Much has been made about our nation's addiction to oil, but the recent housing slump indicates that we're just as addicted to tapping our home equity. During the last few years, as home prices were rising, many consumers didn't give a second thought to tapping their home equity for everything from vacations to college tuition.
When the housing bubble inevitably burst, homeowners were shocked to find that their go-to source of cash had vanished. Consumers have been unable to readjust their spending habits, and have turned to credit cards for a financial bailout.

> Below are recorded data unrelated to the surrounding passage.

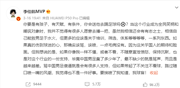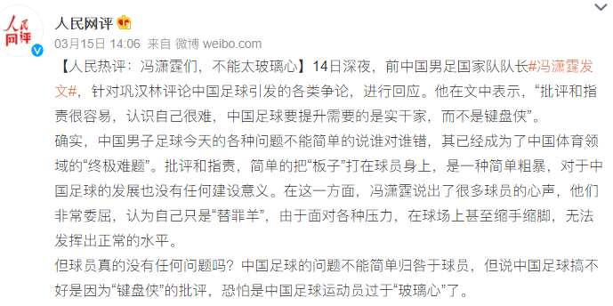 “中國足球的問題不能簡單歸咎於球員,但説中國足球搞不好是因為‘鍵盤俠’的批評,恐怕是中國足球運動員過於‘玻璃心’了。”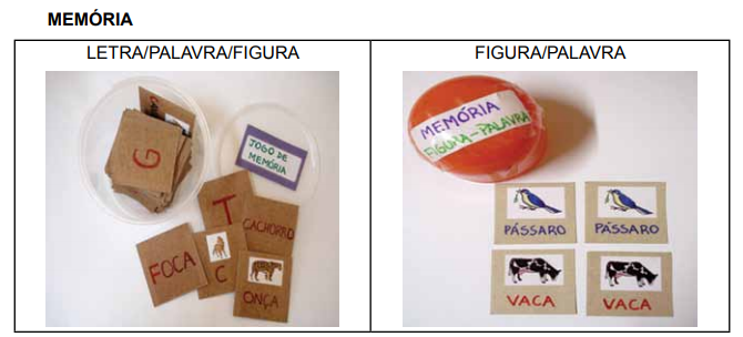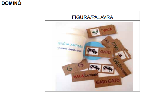 Esse jogo também é comum entre as crianças dessa faixa etária e pode ter variações em suas cartelas, desde que contemplem os símbolos das figuras referentes ao tema do jogo, ou seja, se o tema proposto refere-se a animais (vaca, cachorro, gato e galo), além das figuras desses animais, as cartelas poderão conter as palavras e letras correspondentes a elas. Com isso, o desafio constitui a identificação e a correspondência dos elementos que representam o objeto (imagem), envolvendo possibilidades que a criança poderá perceber no decorrer do jogo.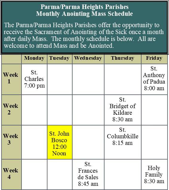 On Tuesday, April 21, 2026, the Anointing of the Sick will take place at St. John Bosco after the 7:30 AM Mass.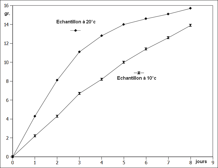 A 10°C l’augmentation est au début de 4% et va se stabiliser un peu au dessus de 0,6% pour tous les échantillons après une dizaine de jours.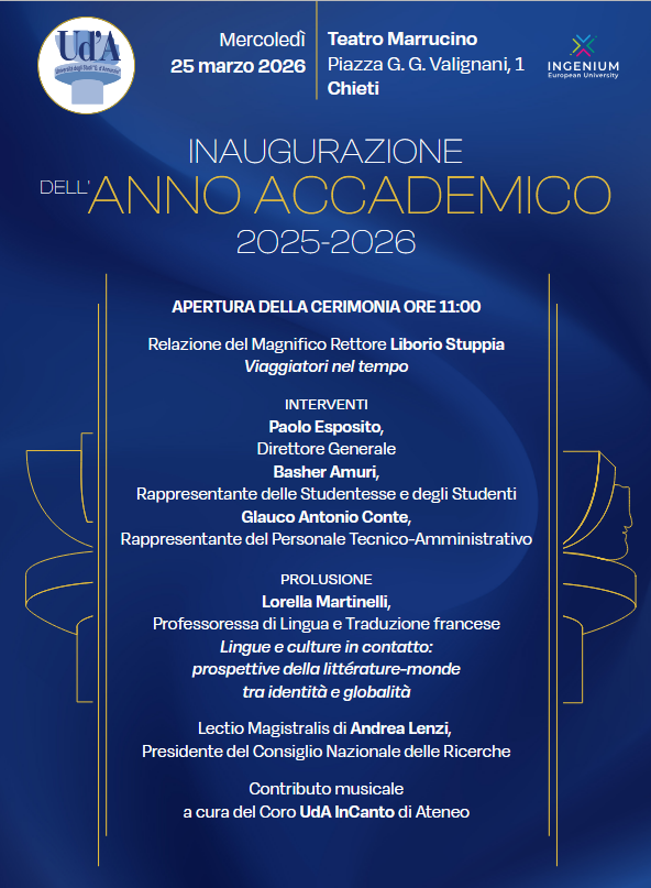 La Cerimonia di Inaugurazione dell'Anno Accademico 2025/2026 dell'Università degli Studi ‘Gabriele d’Annunzio' di Chieti-Pescara si terrà mercoledì 25 marzo, alle ore 11.00 presso il Teatro Marrucino di Chieti.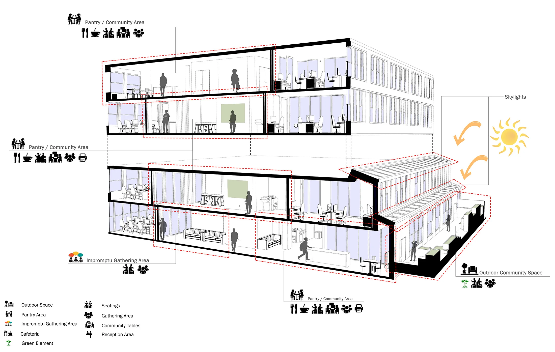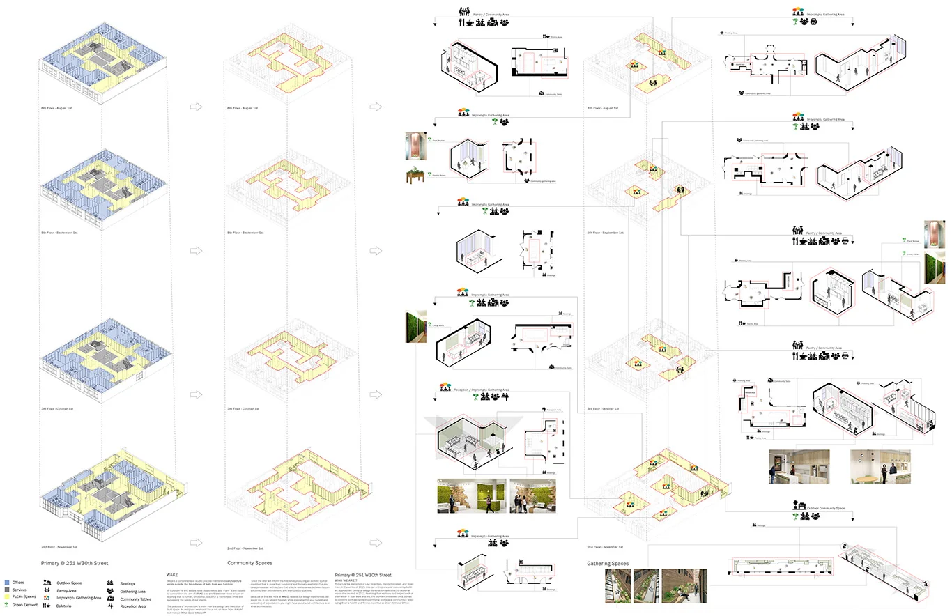 The space, designed to maximize natural light and impromptu gathering spaces, pairs the amenities of the 5th and 6th floors and the 2nd and 3rd floors together with larger planned gathering areas acting as termination points on the 2nd and 6th floors. Continuing to promote wellness in the workplace skylight were reintroduced on the lower levels, a roof terrace reclaimed on the 2nd floor (once nightclub) for member access, and auxiliary use space introduced in the cellar along with showers and a more significant member pantry area for colder months when the terrace is unused.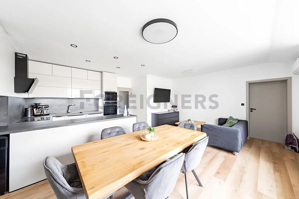 • Prostorný obývací pokoj s moderní kuchyní a vstupem na terasu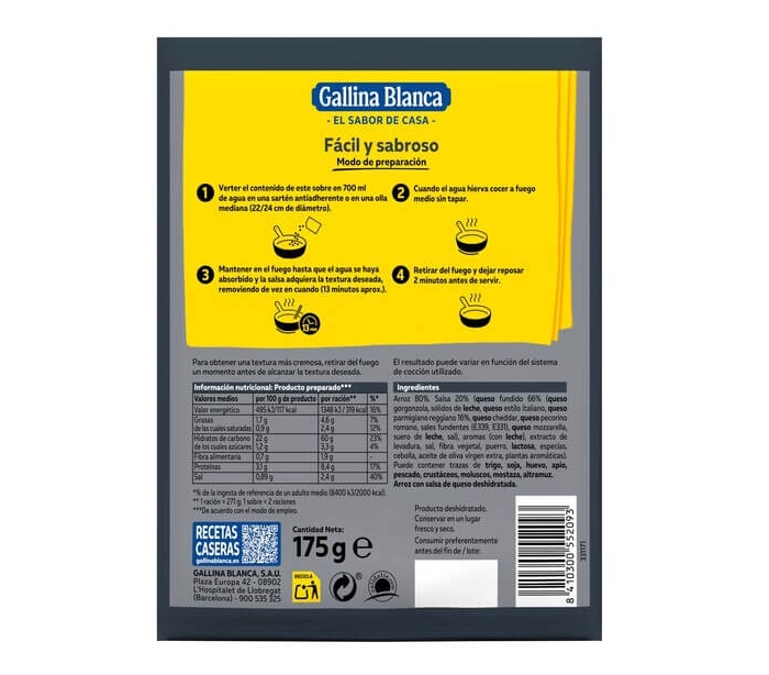RISSOTO A LA PARMESANA GALLINA BLANCA 175 GR.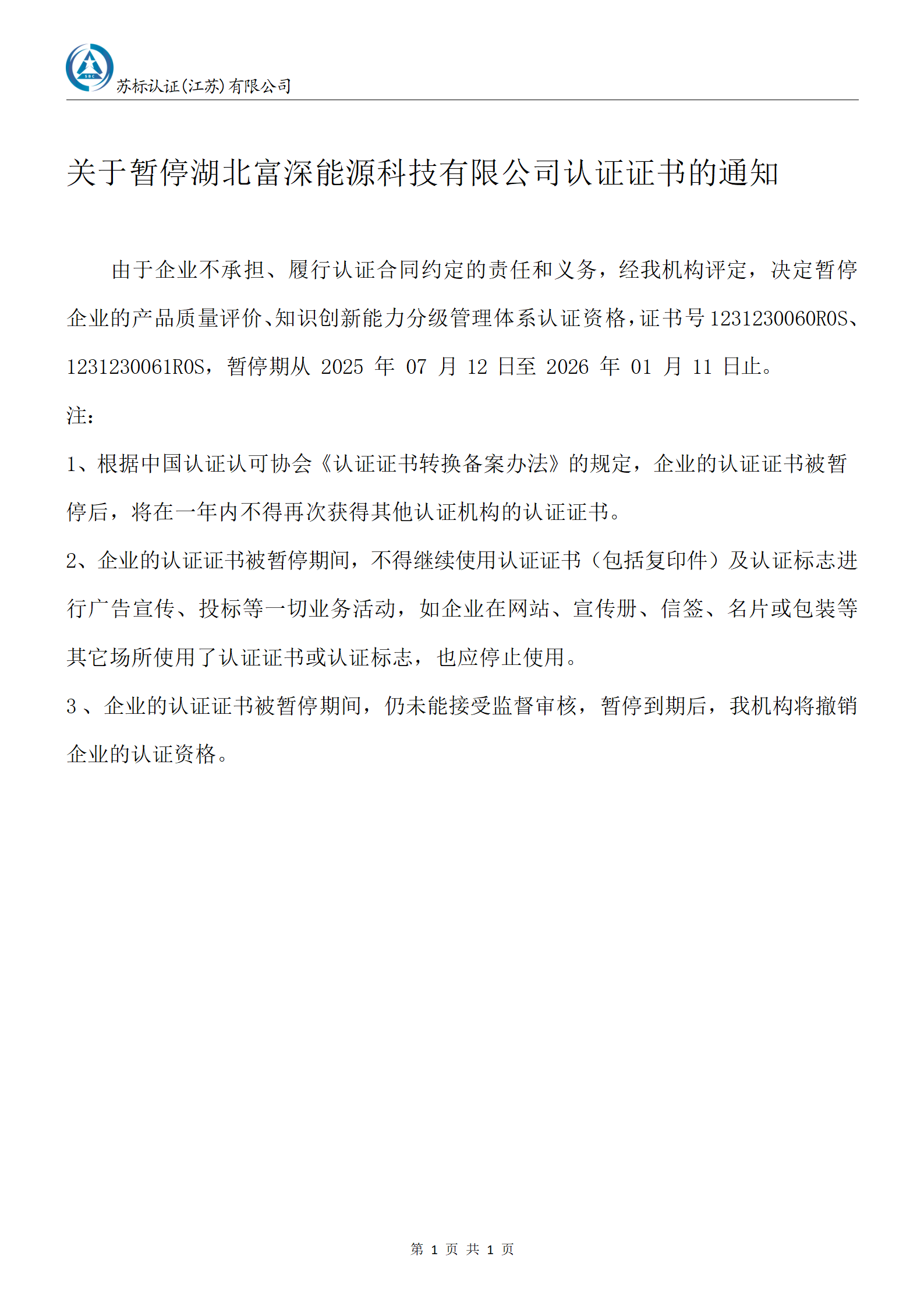 关于暂停湖北富深能源科技有限公司认证证书的通知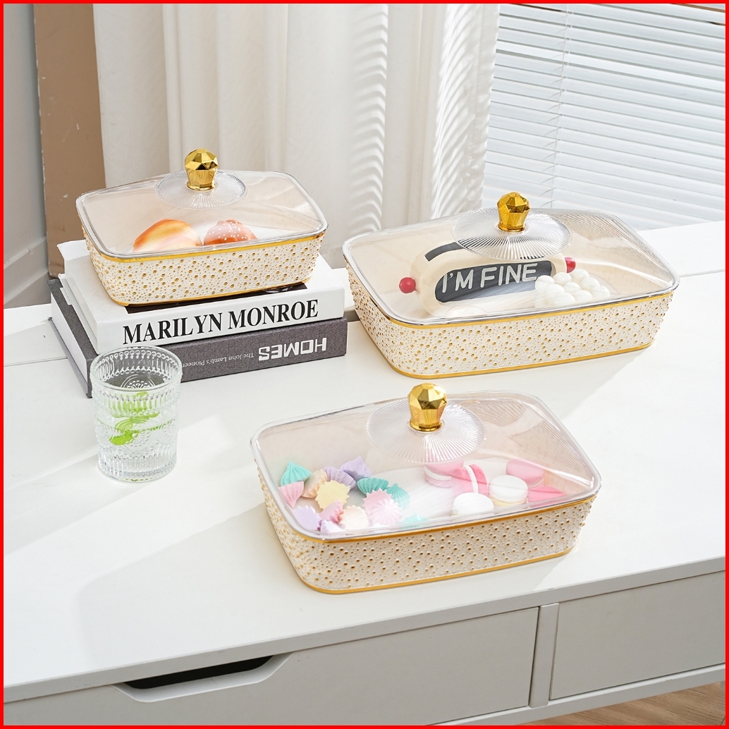 Estetika Nampan Camilan Berbingkai Bergaya Nordik Dengan Tutup Kapasitas Besar Dan Desain Anti Debu Cocok Untuk Meja Kop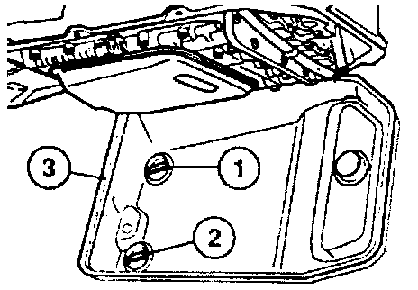 - If necessary fill transmission through filler bore (1) underneath the sump until it overflows.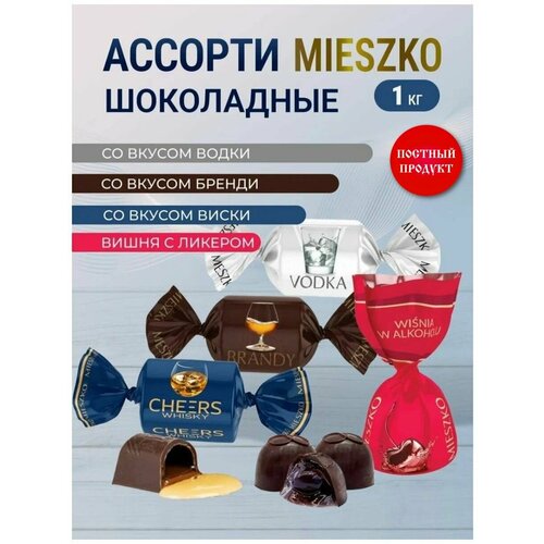 Ассорти шоколадных конфет Водка, Виски, Бренди, Вишня в ликере 1кг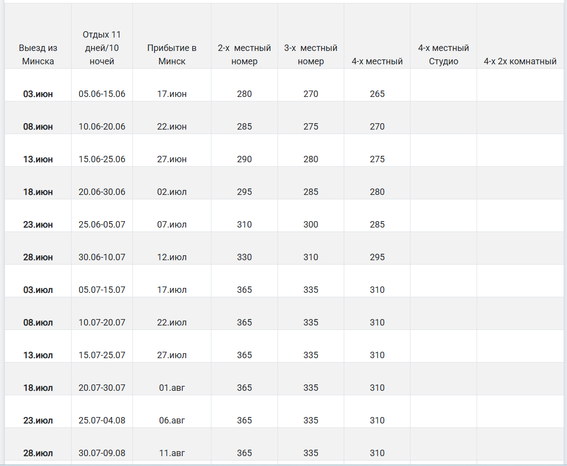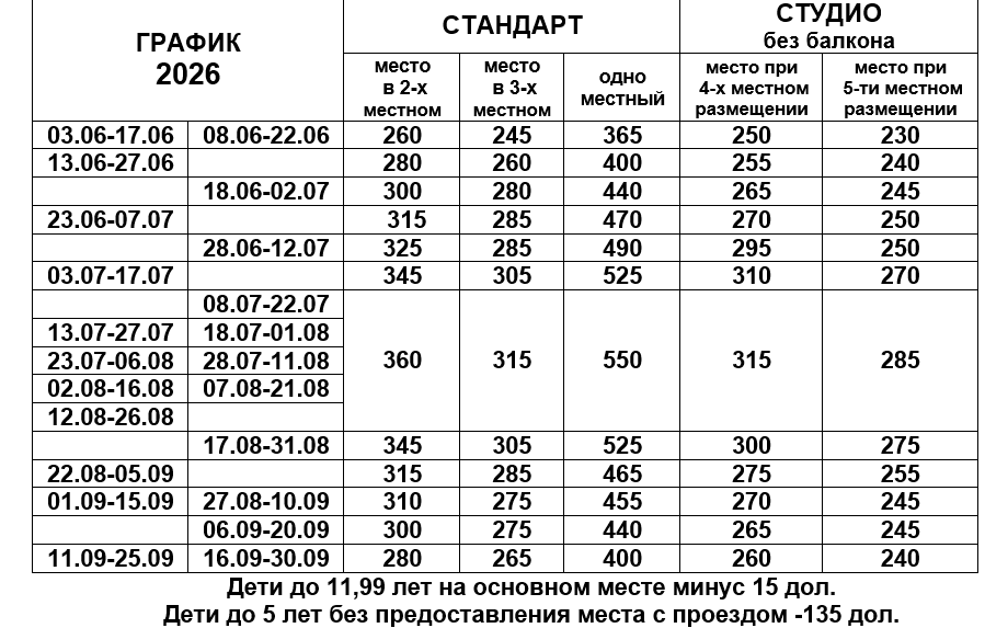- комплекс туристических услуг: 150 BYN для взрослых, 90 BYN дет. до 11,99 лет (ИЮНЬ), 190 BYN для взрослых, 120 BYN дет. до 11,99 лет (ИЮЛЬ, АВГУСТ, СЕНТЯБРЬ)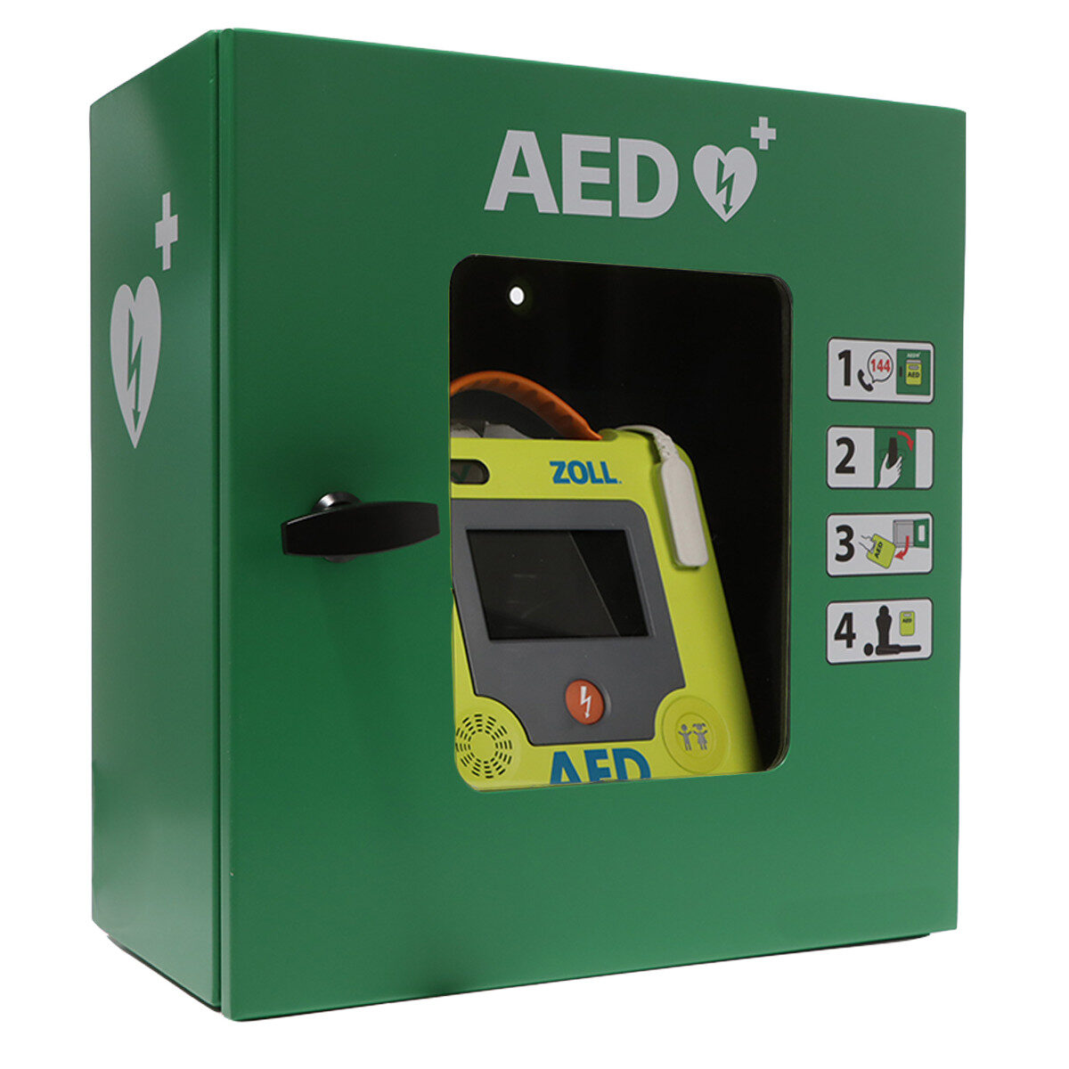 SmartCase Wandkasten zur Aussenmontage mit optischem und akustischem Alarm, Ventilator zur Kühlung, Heizung bis -20°C, Nachtbeleuchtung und 24 V Netzteil aus pulverbeschichtetem Stahl, Aussenmasse ca. 44 x 44 x 24 cm, geeignet für alle gängigen AED-Typen.

Credit cards: The final frontier
Becoming over-reliant on credit cards is a surefire recipe for disaster. They carry high interest rates, and can lead to an eventual debt spiral from which escape is nearly impossible. Unfortunately, many consumers have established bad spending habits that they can't seem to shake. As a result, in an ill-advised manner, they've turned to credit cards for an injection of cash.
Perhaps an even more disturbing trend is that many people are using debt consolidation offers from credit cards. The ongoing zero-percent interest balance transfer offer can be extremely enticing to consumers. It allows you to transfer all of your debts to one card where you don't need to pay any interest for an introductory period of six to nine months. Unfortunately, when that period ends, the balance is hit with double-digit interest rates.
A closing window
This type of credit card usage is disturbing, and could lead to some serious short-term problems. Credit card companies, weary of the carnage that's recently taken place in the subprime industry, have become reluctant to extend credit to people whom they consider a financial risk.
If a credit card company sees that a consumer is acquiring increasing debt, they may choose to slash credit limits, or raise interest rates on the balance. Both actions are legal and used as a method to safeguard their companies against increasing risk. For cardholders who are using the credit card for debt consolidation, or as a source of income, this is a recipe for disaster, and may push them into an even deeper hole.
If you find yourself heading down this slippery slope, time is of the essence. You'll need to take a step back and reevaluate your entire financial picture. Carefully analyze all your expenses and your current income. Are there areas you can trim to help make ends meet? Can you move to less expensive lodging, drive a cheaper vehicle, or spend less at the shopping mall?
Any of these measures will help you reduce your dependency on plastic. The sooner you break the addiction, the faster you can get yourself back into good financial shape.